Wednesday, July 18, 2007

In praise of bad service

Went out with my friend Sandy tonight, who is visiting from Canada and who I haven't seen in about eight years. We became friends about 13 years ago, when I'd just moved back to Niceland and had my first whiplash injury [have I ever mentioned that the Icelanders have the most horrific traffic culture in the Western hemisphere? No? Well, they do] and I was sent to a physiotherapist who turned out to be Sandy and who just happened to be from Canada where, of course, I grew up. So over various exercises on big balls and balancing gadgets and suchlike we started yacking away about anything and everything, including men and our assorted problems with them. Finally, a couple of years later, Sandy threw in the towel with her man and moved back to Canada with her sons and has now made a life for herself there and it's all good. And now she's back for a visit.

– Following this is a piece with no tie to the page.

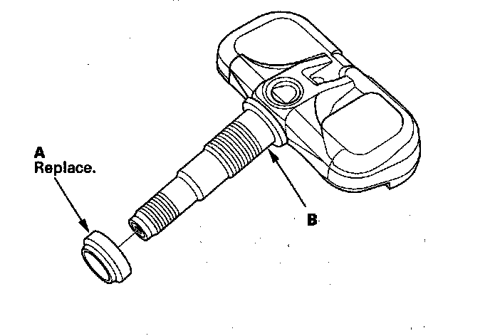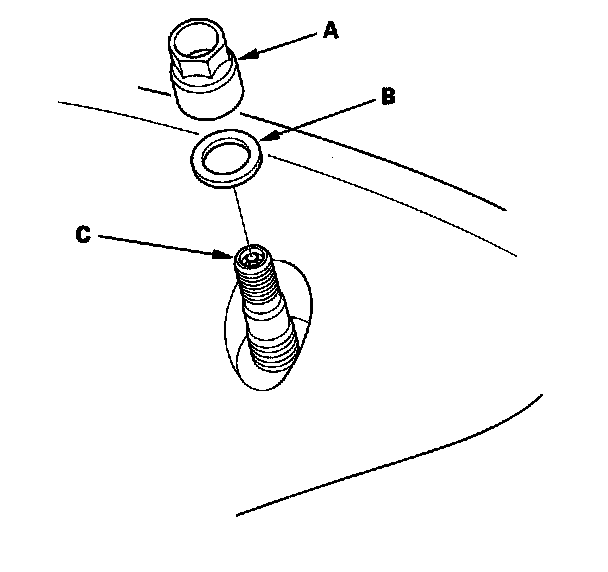 6. Remove the valve stem nut (A) and washer (B), then remove the tire pressure sensor with valve stem (C) from the wheel.

As ever, from the moment Sandy and I get together, we start talking and don't stop, and when we part ways it feels like we have even more things unsaid than when we started. Of course we had lots of catching up to do and very little time in which to do it, so our chins were wagging at a frantic pace all evening. First, we went to the little café above the IÐA bookshop in Bankastræti, which is my favourite café for a chinwag because it's relatively quiet and the tables aren't all squished together like in most other places, so you can actually reveal fairly intimate details of your life without the whole place knowing about them. So we ordered tea and she told me all about her boyfriend and her work and her house and her ex and so on and so forth, and then she asked me how my neck was, which made me all warm and fuzzy because I do believe she's the only person in the world who ever asks me that and who is actually, like, fascinated by the details. And so I told her.

So right around the time I was finishing it was ten o'clock and IÐA was closing and of course we had far more things left to talk about than when we started, so we decided to go somewhere else. We walked up Bankastræti and on to Laugavegur and decided to go into that little place called Kofi Tómasar frænda [Uncle Tom's Cabin], even though we really didn't feel like drinking any more liquids - we just wanted a place to sit to continue blabbing. So we go in there and I noticed immediately what everyone's been complaining about since the smoking ban was imposed in June, that now the cigarette smoke is gone, the places just stink - of old stale booze and ancient smoke and BO and toilets. Anyway, we sat down at a table and in between yacking were sort of glancing at the menu deciding what we might force ourselves to order so we could continue sitting there. And you know what? We sat there for a full hour, right next to the bar, and nobody came to take our order. And after half an hour I was, like, 'Should we go up there and order something?' and she went, 'Um, well, I'm OK' and I said, 'Great, because I'm OK too,' and for the first time ever I was actually not in the least bothered by the atrociousness of Icelandic service.

On the way back to the car, Sandy outlined for me the three things she's noticed have changed since she lived here. 1) There are more flowers everywhere, 2) the grass is brown for the first time ever, 3) people are fatter. Make of that what you will.

I MAKE THIS: THE GRASS IS BROWN BECAUSE OF ALL THE SUN
... and the lack of rain we've had for the last month. Really, this is a most unusual state of affairs for us - normally this place is brilliant green in summer, but right now the earth is scorched. Meanwhile, the weatherman sez it's just a weather system that has locked into place - fortunately for us it's been locked in sunshine, whereas for the poor Brits it's locked in rain. We're in for some of that this weekend, though, and the grass will breathe a sigh of relief. Right now it's 12°C [54F] and the sun will come up at 3:46 am and set at 11:19 pm.